Thursday, February 20, 2020

The best-looking ‘50s car

Michael Bozzo’s 1955 Oldsmobile Super-88 Holiday Coupe. (Photo by Dan Lyons.)

—The February 2020 entry in my Tide-mark “Cars of the Fab ‘50s” calendar is what I consider the best-looking car of the 1950 styling-idiom, a 1955 Oldsmobile Super-88 Holiday Coupe, a two-door hardtop.
It’s devoid of the garishness and fins that came later, yet much better-looking than GM’s turkeys of the early ‘50s.
All through high-school and college I lusted after a ’55 Chevy Two-Ten hardtop (like the car pictured below).

(Photo by BobbaLew.)
—You’d think I’d still be lusting after that Chevy, but this Olds looks better.
The chrome headlight surrounds are best-ever. Hood and front-fender shapes are perfect. And the grille and bumper are simple. After 1955 Olds got garish and fat-looking.
Striking is the two-tone paint treatment. Extravagant, yet simple.
Paint-schemes like this went out with the ‘50s, as did whitewall tires. More importantly two-tone paint was common to the average car-buyer.
Two-tone color hung around a while longer, but without the chrome separation molding.
Or perhaps the car-body was a dark color, and the roof a lighter color. Vinyl roofs became popular in the ‘70s.
Wild as it is, this car’s two-tone paint works well.
And sadly the market for ‘50s cars is waning. These are the cars I grew up with. In 1955 I was 11 years old.
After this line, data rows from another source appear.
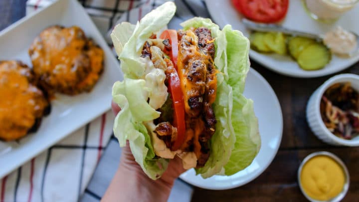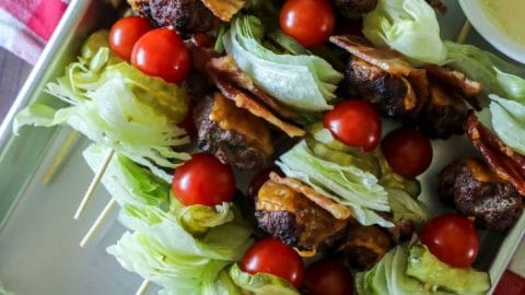 Cheeseburger on a stick anyone? These kebabs are the perfect deconstructed burger appetizer that are perfect for a healthier, keto friendly way to have your burger and eat it too!
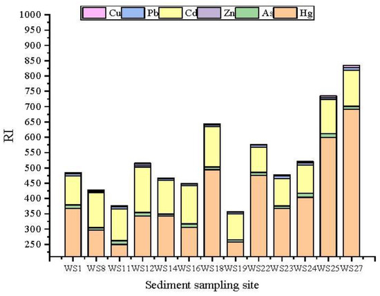 The average RI values for the sampling sites were ranked as follows: WS27 (834.92) > WS25 (735.41) > WS18 (643.58) > WS22 (577.16) > WS24 (520.7) > WS12 (515.15) > WS1 (485.09) > WS23 (477.88) > WS14 (466.29) > WS16 (449.78) > WS8 (427.37) > WS11 (377.22) > WS19 (356.64) (Figure 5). According to Figure 5, the RI value in Daya Bay was mainly influenced by Hg and Cd concentrations, which contributed more than 90% of the RI. Daya Bay generally exhibits a relatively high risk. W27, W25, and W18 showed high RI values (>600) and were classified as high risk (Figure 5). The RI values of the other sites were between 150 and 300, indicating a relatively high risk. Due to the high toxicity and high proportion of RI, Hg, and Cd played a very important role in the ecological risk evaluation in Daya Bay. Tang et al. [13] also found that Cd and Hg pose a very high risk in Daya Bay.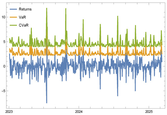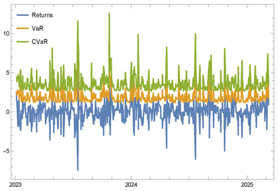 8]. It allows for the straightforward computation of VaR and ES using closed-form solutions. However, it fails to capture heavy tails and skewness, leading to an underestimation of extreme losses. The Student’s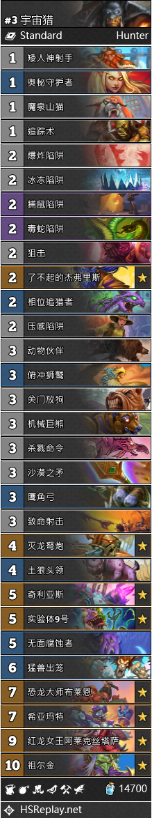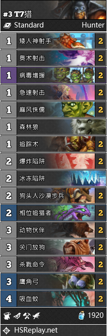 T7猎的构筑倒是一直以来都没有太大的变化,毕竟“打脸”相关的单卡选择在今日的卡池内已经很有限了。只是有部分构筑选择了飞刀杂耍者或灼光战斗法师等低费随从来加强场面能力。它的主要优势对局除了一些慢速卡组外就是当前最主流的几种盗贼,这也是它能稳定存在于天梯和比赛环境中的原因。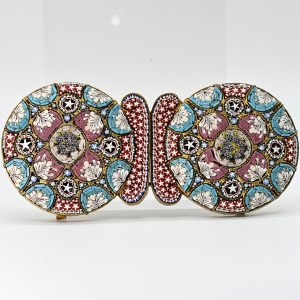 Brass mount; two-part construction; round and slightly curved forms; front divided into individual segments and inlaid with polychrome glass micromosaics in a Millefiori pattern of stars, leaves and flowers; diameter: each approx. 41 mm; total length: approx. 9.7 cm.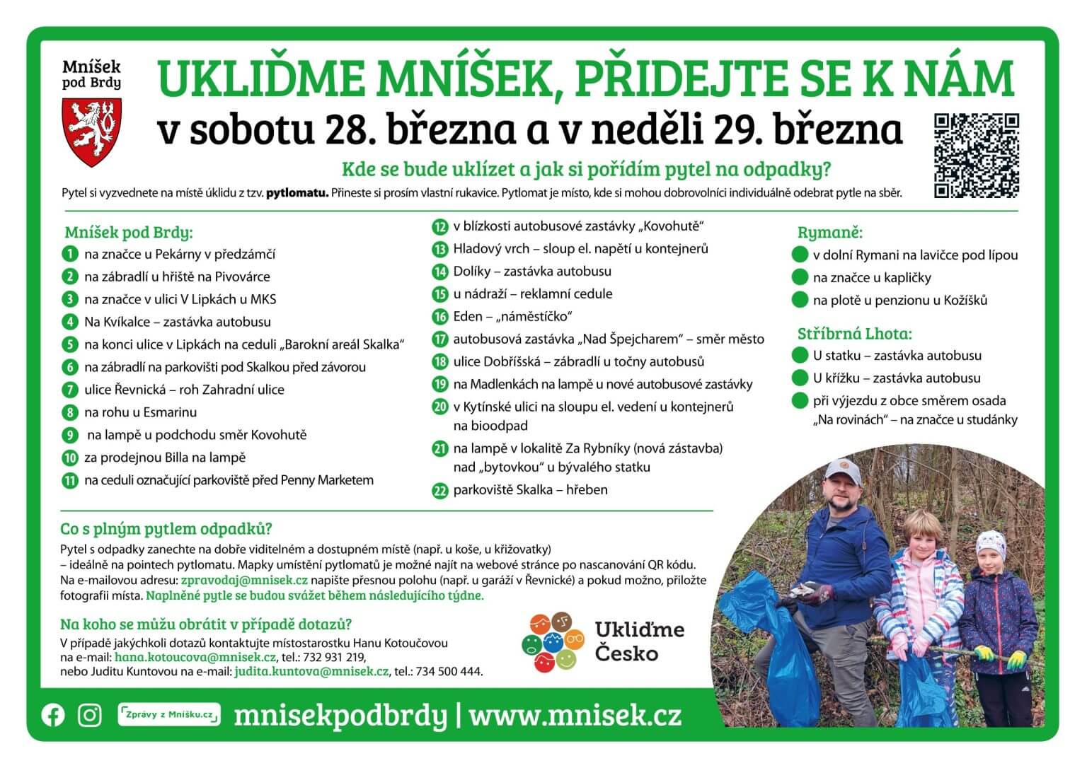 Vyberete si z výše uvedených lokalit jednu, která vám nejlépe vyhovuje. Na místě najdete pytlomat, ze kterého si vezmete pevný pytel na odpadky. Po naplnění odneste pytel na dobře viditelné místo např. u odpadkového koše nebo u křižovatky, vyfoťte místo s pytlem a fotku i s nahlášením jeho polohy, kde jste ho nechali (např. u hřbitova, u garáží v Řevnické, v Rymani u penzionu), pošlete na e-mail zpravodaj@mnisek.cz.

Cars like this ruled the highways when I was in high-school and college.
The editor of my Classic Car magazine takes on the collector-car crowd for being upset with ‘70s/‘80s/‘90s cars. Older car-guys like me are dying off: “The Moving Finger writes; and, having writ, Moves on...”
I have a hard time thinking a late ‘70s Toyota is classic, but I’m an oldster.
Classic Car magazine is becoming what Special-Interest Autos became. Ferrin cars as well as American. Classic Cars promised it wouldn’t do that, and now it is — I didn’t forget.
Owning a ’55 Olds would be pleasant, but I wouldn’t go anywhere with it. Modern cars are what I’m used to; a ’55 Olds only looks nice.
No ‘50s cars for this kid; and no visor above the “Wraparound windshield” as on this ’55 Olds. (That visor looks stupid.)
And now Oldsmobile is GONE; victim of the Japanese auto invasion, and now even South Korea. Oldsmobile marketed some of the all-time classics, particularly the front-wheel-drive Toronado.
The Toro is a lotta car; the ’55 Olds is ordinary. But for 1955 you could buy a great-looking ordinary car. Compare it to some of the wretched excess that came later.
A ’56 Olds looks debatable, and by 1957 Olds was bloated.

• “The Moving Finger writes; and, having writ, Moves on...” is from the Rubáiyát of Omar Khayyám.
Special-Interest Autos failed.
• A “Wraparound windshield” is a one-piece windshield that wraps down around the corners. A techno-marvel that went outta style because that lower corner caught knees.